= Milo Crispin =

Milo Crispin (died 1149?) was cantor of the Benedictine Abbey of Bec. He wrote the lives of five of its abbots: Lanfranc, Archbishop of Canterbury, Gulielmus de Bellomonte, Boso, Theobaldus, and Letardus.

==Biography and works==
His life of Lanfranc is printed in the Acta Sanctorum of the Bollandists (May 28). The other four (those of Theobaldus and Letardus being mere summaries) are included in the Patrologia Latina (Vol. CL).

Milo must have been an old man when he wrote them, for in the last chapter of his life of Lanfranc he relates something which he himself heard Anselm say.

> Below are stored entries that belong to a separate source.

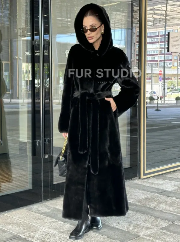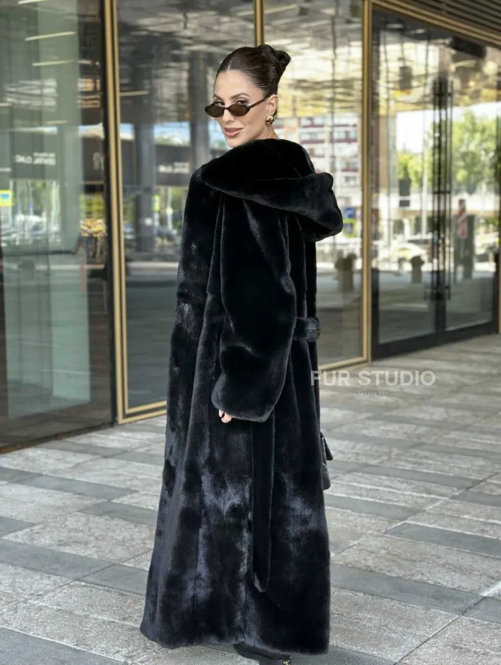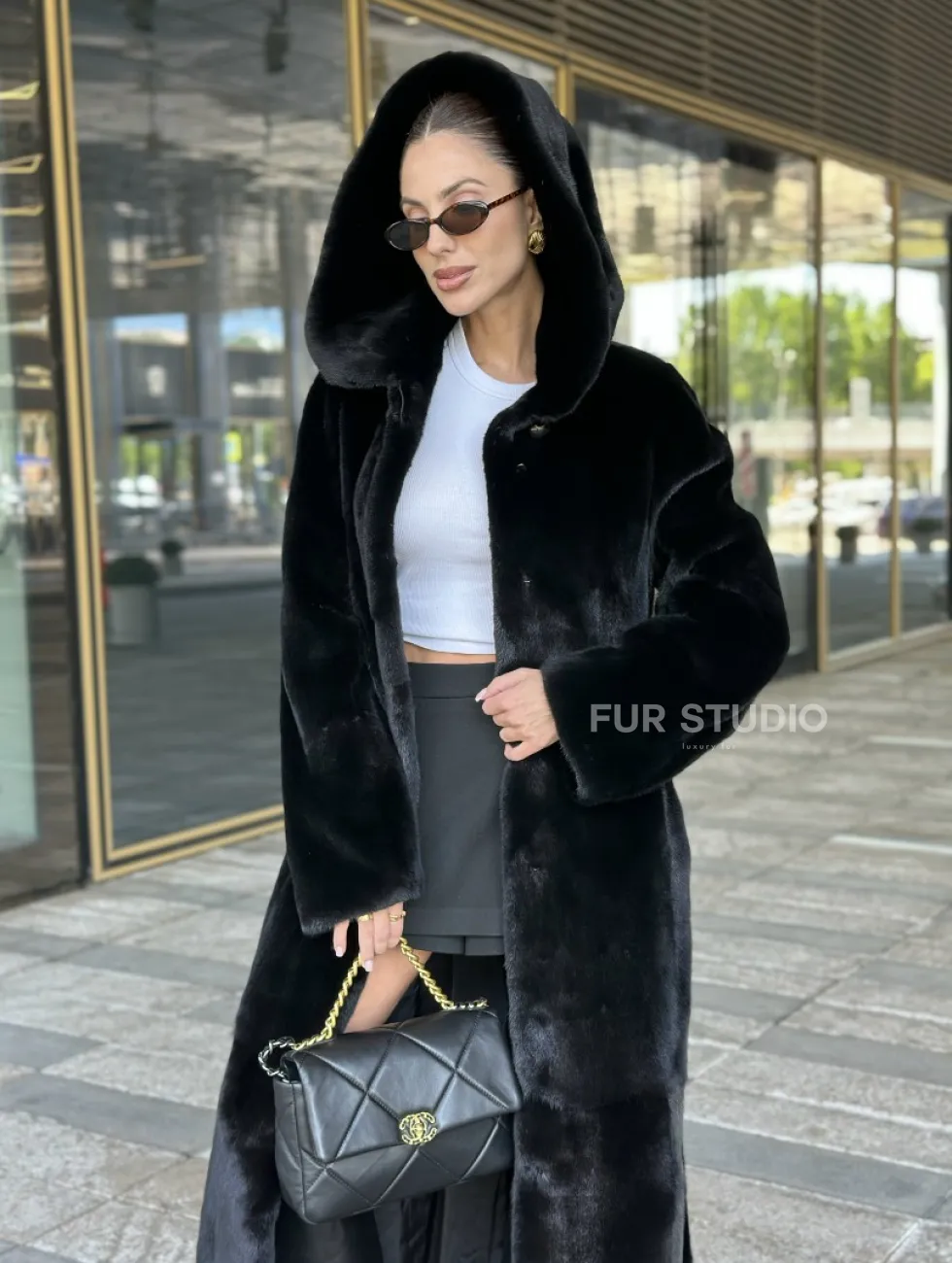 Удлиненная шуба из норки BLACKGLAMA с капюшоном доступна для покупки в нашем шоуруме Furs Studio в Чите. У нас так же есть доставка во все города России. Добавьте немного роскоши в свой гардероб с этой шубой, которая будет служить вам многие годы.
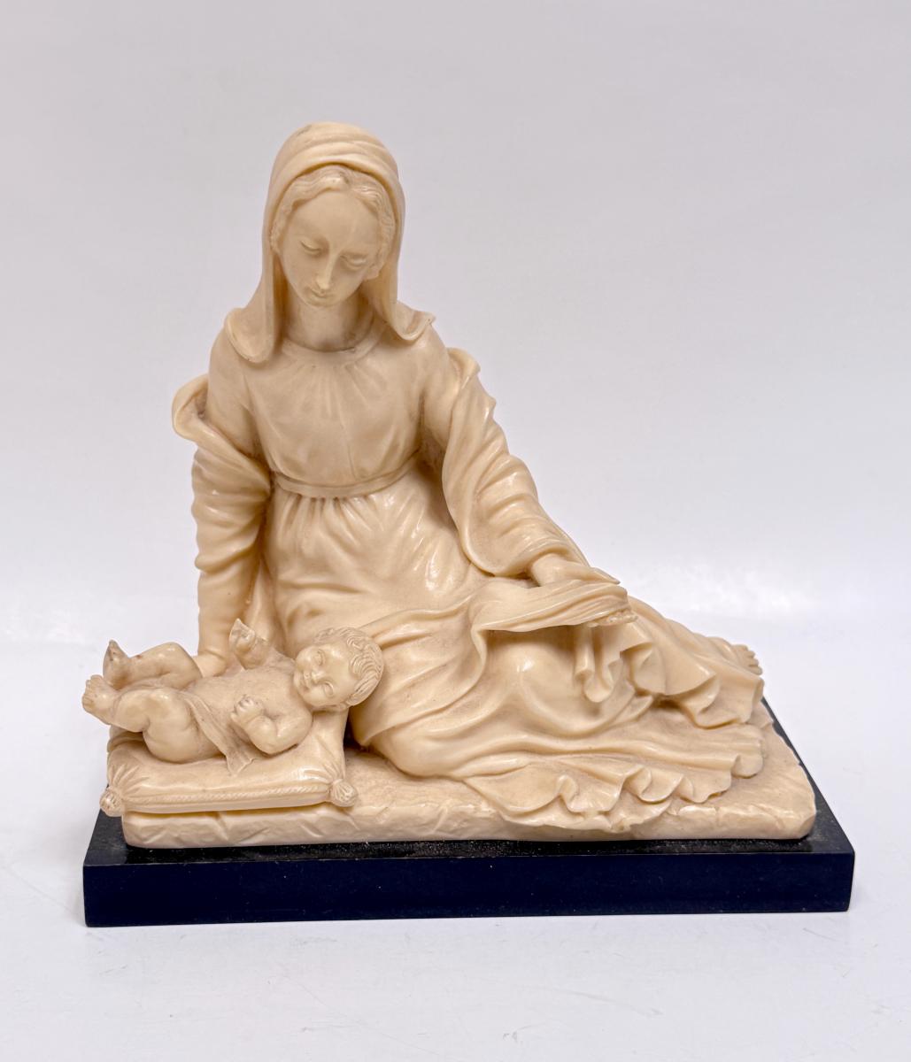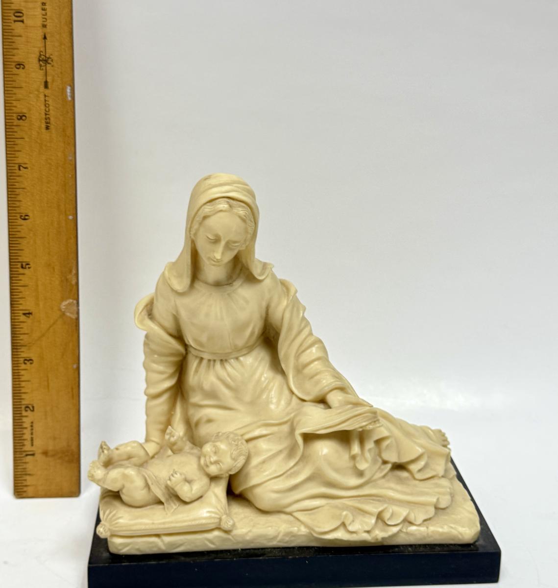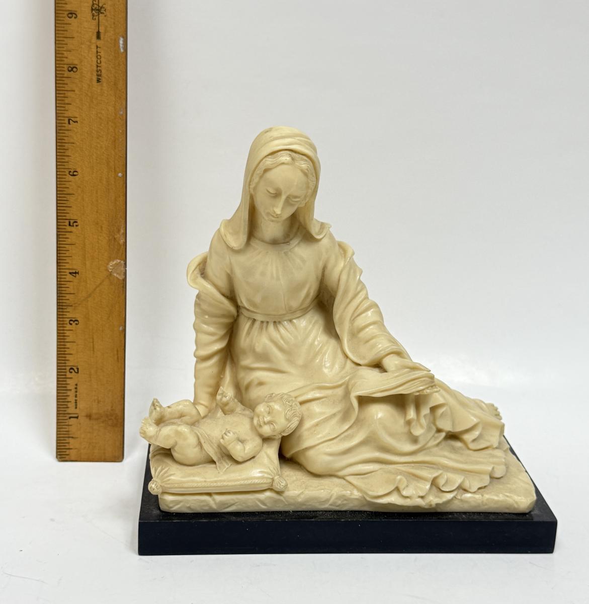 Madonna and Baby Jesus Alabaster Sculpture Figure Marble Base 7 1/2" Tall
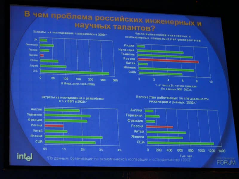 На данном этапе ведущую роль в ликвидации цифрового отставания, по его мнению, должны сыграть отечественные компании, обеспечивающие появление в стране соответствующей инфраструктуры. «Наращивание собственного производства конкурентоспособной компьютерной техники, перенос, благодаря сотрудничеству с ведущими компаниями и, прежде всего, с Intel, инновационных технологических достижений и новых концепций использования информационных технологий, открытие новых современных производственных предприятий, накопление экспертизы поможет России приблизиться к уровню развитых стран», — отметил докладчик.
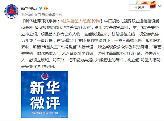 原标题:新华社评郑爽事件:让失德艺人彻底凉凉
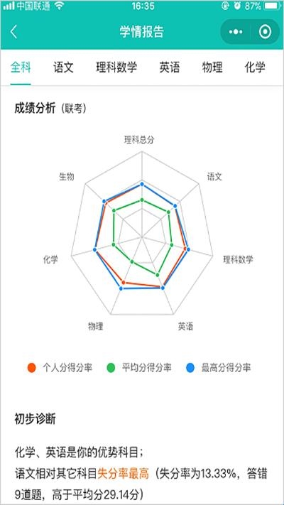 直观的显示出个人的得分率与整体的对比情况,并根据个人的成绩初步诊断学生的各科情况:
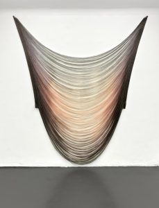 De andra två verken lämnar inte betraktaren riktigt lika konfunderad. Åtminstone inte initialt. Ett av dem, ”Broken Flag” består av metervis med infärgade tygremsor som är sammanknutna på vad som liknar en stålram. ”Corral” är ett målat kanvastyg som repats upp till tunna, fina trådar. Som att tygets innersta beståndsdelar exponeras. Konnotationerna är många men kanvastyget och de öljetter som håller verken på väggarna ger en oundviklig maritim känsla, som dock motverkas av den mer jordigt naturnära färgskalan med associationer till gran, ljung och lera. Betraktelsen av verken blir en djupdykning i en värld utan tydliga regler eller förhållningssätt. Med myriader av tolkningar men inget facit.
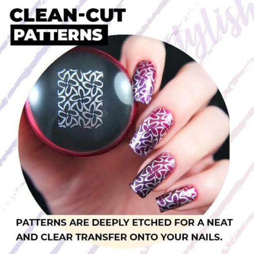 - Clean-Cut Patterns – Patterns are deeply etched for a neat and clear transfer onto your nails.
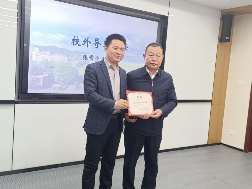天泰集团为获得2023年“天泰奖学金”的同学颁发奖金和证书。颁发仪式后,刘善东为校外物业总经理张常全颁发导师聘书。
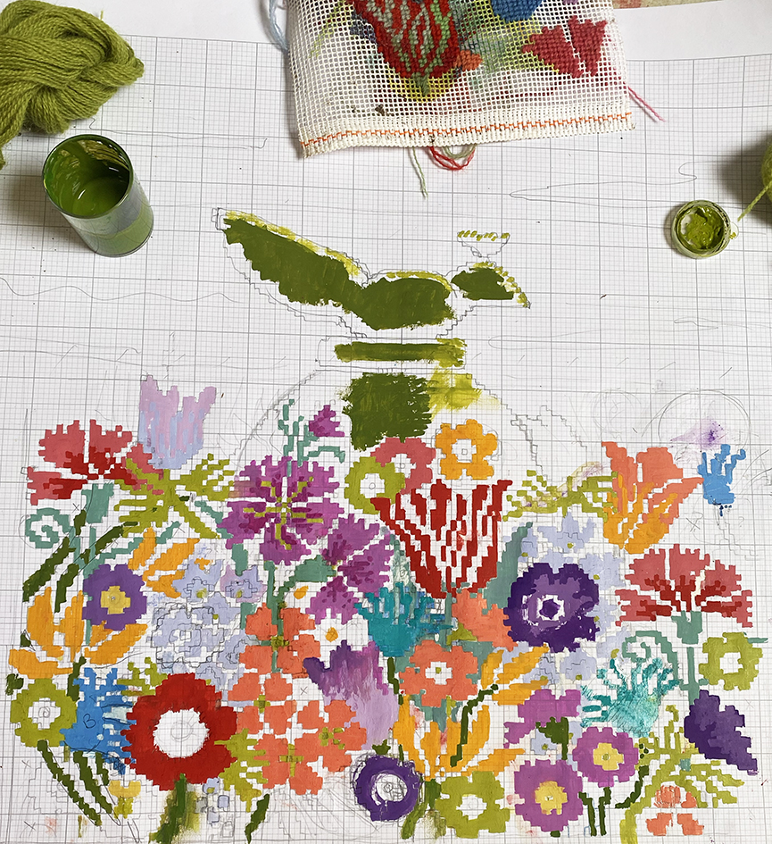The next step, after slowly developing the complete version of the drawn, stencilled and collaged design seen above, is to trace and paint the chart for stitching the wools onto canvas. First things first – choose the yarns to match the colours for the painting the chart in gouache.
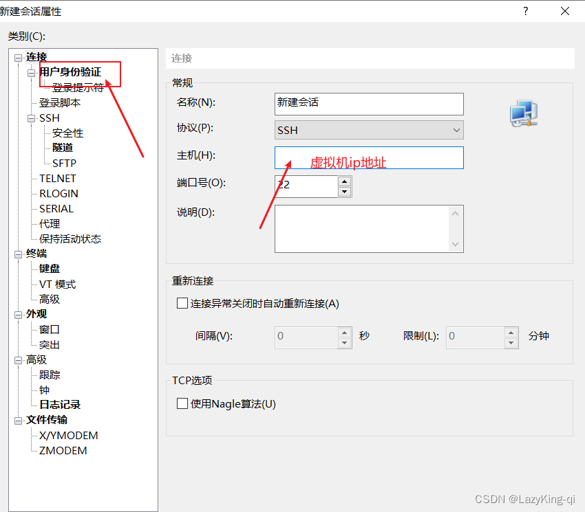 4、输入虚拟机ip地址,点击用户身份验证
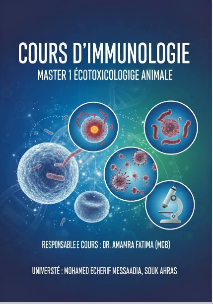 Ce cours d’immunologie générale est destiné aux étudiants de Master 1 en écotoxicologie animale. Il vise à fournir les bases fondamentales du fonctionnement du système immunitaire chez les animaux. Il aborde les mécanismes de défense de l’organisme face aux agents pathogènes 🦠, en distinguant l’immunité innée et l’immunité adaptative. Les étudiants étudieront les principaux acteurs de la réponse immunitaire (cellules immunitaires, anticorps 🧬, cytokines) ainsi que leurs modes d’action 🔬. Une attention particulière est portée à l’impact des contaminants environnementaux sur le système immunitaire, en lien avec l’écotoxicologie animale, afin de comprendre les effets des polluants sur la santé et la résistance des organismes vivants 🌱
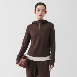 秋季新款女外套高级感纸片人桑蚕丝羊毛云感针织上衣拉链休闲帽衫
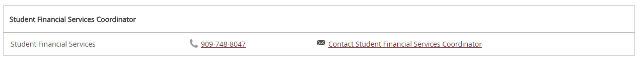 This section includes contact information for your Student Financial Services Coordinator. Please do not hesitate to reach out with any questions regarding your awards or the financial aid process.
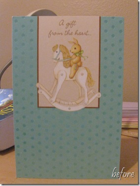 Needless to say, I probably won’t ever spend money on a card again, unless I’m in the market for a sound-making one or something. I even found a pack of 50 white, blank, single-fold cards for about $17 at Target with which I plan to make everything from birthday cards to sympathy cards using our stockpile of received cards yet to be “reinvented”. Such fun! I’m sure I’m not the only one to hatch this crazy plan – anyone else into becoming Edward Scissorhands with used cards? Do tell! I have a long life of card making ahead and more ideas I will need. :)
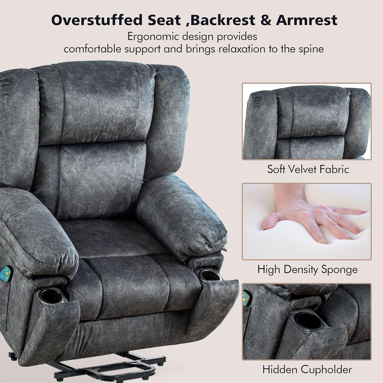 Power Lift Recliner Chair for Elderly,Lift Chair Fabric Recliner Chairs for Adults Comfort Velvet Recliner with Massage & Heat,and Hidden Cup Holder,Support Up to 330LBS
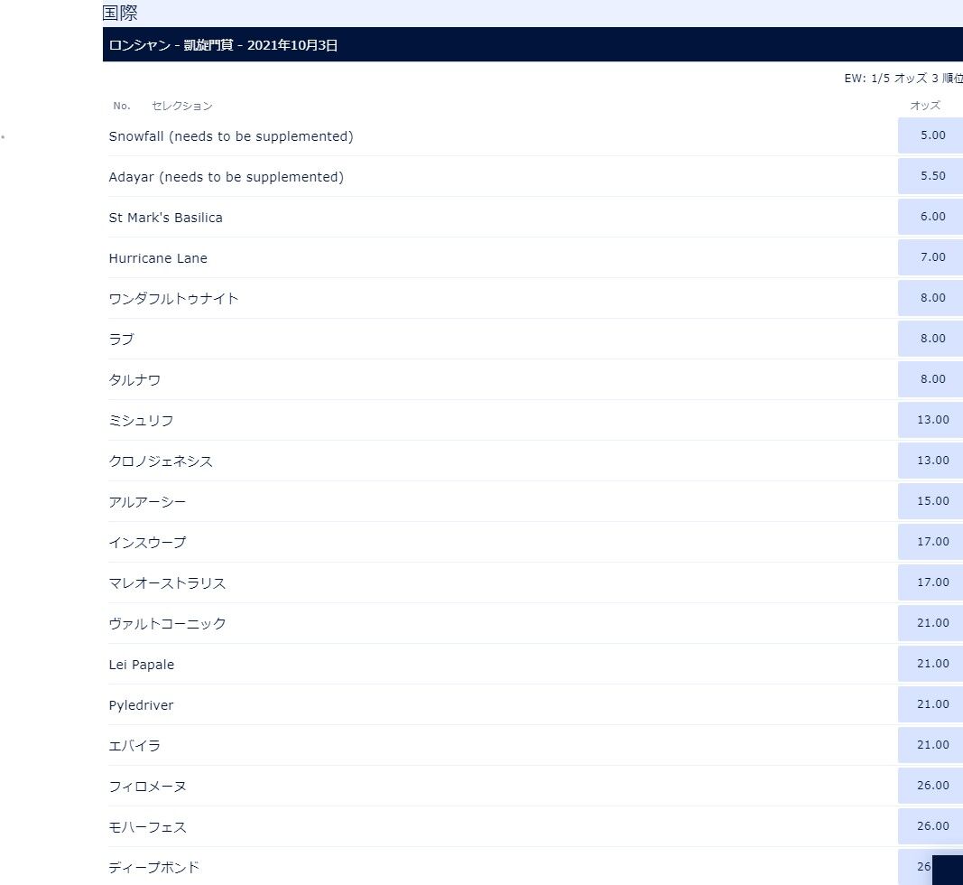 【競馬】キングジョージ結果反映後の凱旋門賞オッズwwwwwwwwwwwwwwwwww
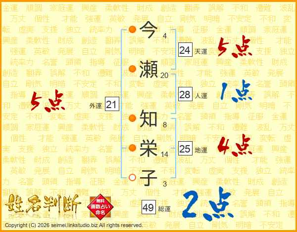 今(4画)瀬(20画) 知(8画)栄(14画)子(3画)
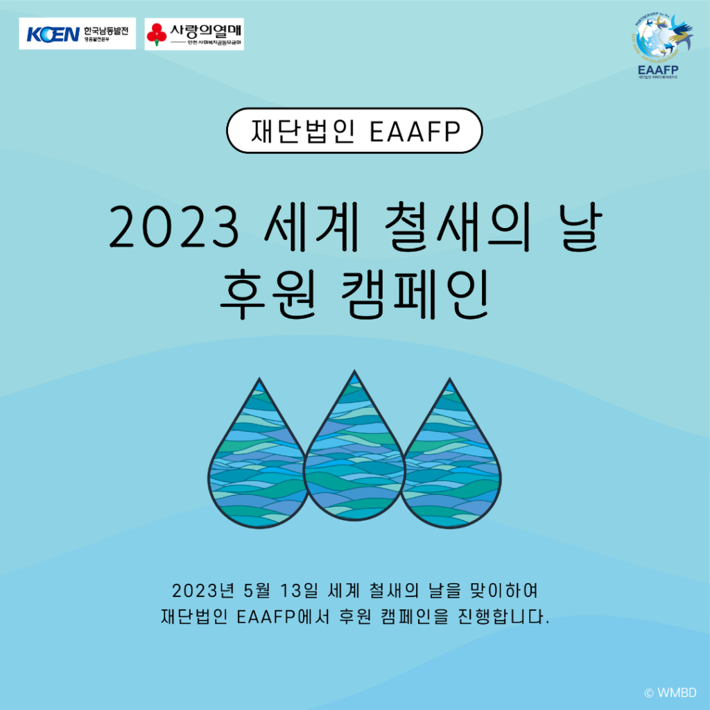 2023 세계 철새의 날 후원 캠페인 더 알아보기: 2023년 5월 13일 세계 철새의 날 기념 “Be an EAAFP Ambassador – 후원을 통해 EAAFP 홍보대사가 되어주세요! 캠페인 – 재단법인 이에이에이에프피 (eaaflyway.net)
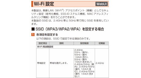 「WebUI」にログイン後、「Wi-Fi設定」>「Wi-Fi 周波数設定」>「帯域設定」より「5GHz( 屋外 144ch 含まない)」に変更

As Anselm died in 1109, and Letardus did not die till 1149, Milo Crispin shows here incidentally that his own religious life had lasted more than forty years.

He came of the noble family of Crispin descended from the Neustrian, Gislebert, who first received the name Crispin because of his erect curly hair. All Gislebert's sons distinguished themselves, and the family proved generous benefactors to the Abbey of Bec. Two of his descendants subsequently became monks there: Gilbert, afterwards Abbot of Westminster, who wrote the life of Herluin of Bec, founder and first Abbot of Bec; and his brother Milo. No details of the latter's career have been preserved, nor is it known when he died.